Source: Ivan Marjanovic/Shutterstock.com

“No Sh*t” Says Ecologist As Pesticides Cause 500M Bee Deaths

by | August 23, 2019

Brazil has seen half a billion bee deaths over three months after relaxing its pesticide regulation.

According to The Guardian, 193 products containing chemicals banned in the EU have been registered in Brazil in the last three years — breeding results which Penn State applied insect ecologist John Tooker says were to be expected.

“These [pesticides] are meant to kill insects,” he said.

“The realization that bees are insects, and that insecticides kill bees, is mind-boggling to entomologists. I mean, no sh*t.”

Harmful pesticide use poses a threat not only to bees, but the biosphere they’re a part of and, given the crucial role they play in pollination and plant growth, to food supplies humans rely on.

Bees
Bees play a crucial role in our ecosystem (Source: Viesinsh/Shutterstock.com)

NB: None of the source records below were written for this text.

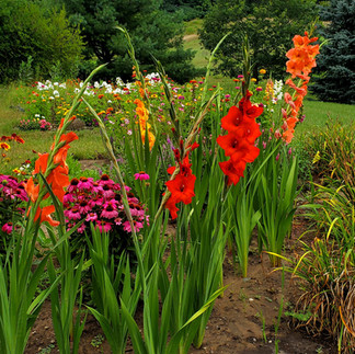 We very fortunate to inherit several flower beds from the Fairs (who owned the property for 50 years before us). Mrs. Fair had planted several varieties of ornate, colourful lilies in shades of orange, yellow, red and pink along the east and west sides of the house. These continue to come up in the first half of the summer and put on a dramatic show. Another gift are the beds of Peonies that bloom around the same time. Continuing the tradition, Ray has spent hours on the beds to the east side of the house planting and maintaining a large variety of flowers that bloom at various stages throughout the summer. These include Zinnea, Gladioli, Blue Cornflower, Echinacea, Daisy, Gaillardia, Black Eyed Susan, and Snapdragon to name a few.
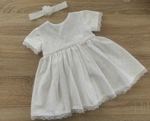 KELLO - Платье + крестильная повязка 62 см, БЕЛЫЙ ажурный
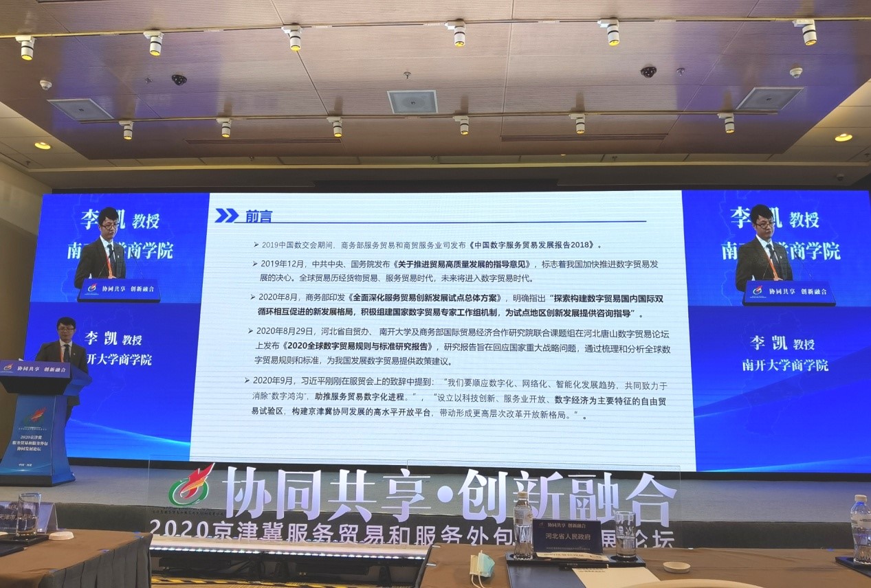 2020年9月5日,必赢官网数字商务研究中心主任李凯教授受主办方邀请,参加在国家会议中心举办的2020中国国际服务贸易交易会,并在2020京津冀服务贸易和服务外包协同发展论坛做题为“全球数字贸易规则分析与发展提议”的主旨演讲。
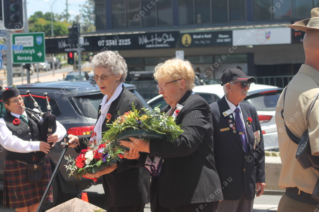 Janice and Joanne Heit lay wreaths at the Beaudesert cenotaph on behalf of the RSL Sub Branch women’s auxiliary. (Larraine Sathicq: 516854_08)
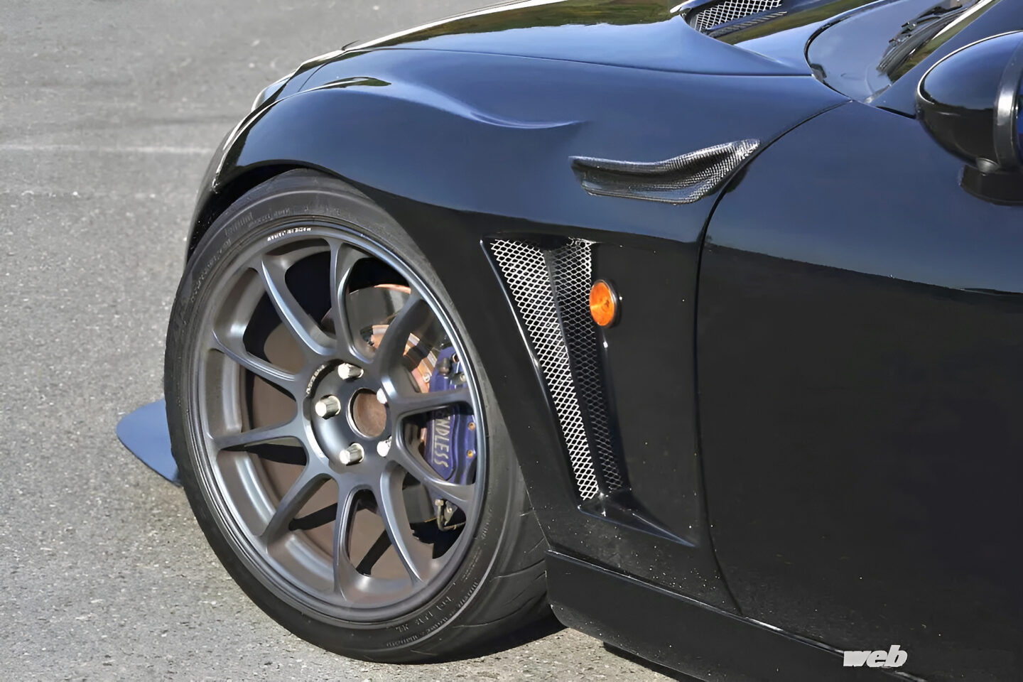 エンジンパフォーマンスでは限界があるため、後はロードスターの美点であるコーナリングスピードでパワー不足をカバーするしかない。そこで、前後に255/35幅の18インチ(ポテンザRE-71R)を履き、ハイグリップなワイドタイヤを活かすセットアップを展開。ホイールはボルクレーシングZE40(9.5J×18+45)だ。

Bee Protection & Government Intervention

While changes in Brazilian policy have been harmful to bees, a number of governments are making moves to protect them.

In February of this year, Germany voted into law new protections for bees.

The law commits the government to protect and preserve the environment by doing a number of things, such as increasing the number of natural meadows, actively preventing further losses of biodiversity, limiting pesticides, supporting organic farming, and ensuring clean water.

This law was created as a result of a petition spearheaded by an alliance of the Ecological Democratic, Green, and Social Democratic parties, along with research organizations, organic food companies and distributors, nature conservation groups, and bee producers. It was signed by 1.8 million people, or nearly 20 percent of eligible voters.

In Canada, a three-year plan was announced last year to start phasing out the use of nicotine-based pesticides. It will begin in 2021. This was part of an effort to stop the decline of honey bee colonies around the world as scientists blame the chemicals for weakening bee populations, and making them more susceptible to weather and disease.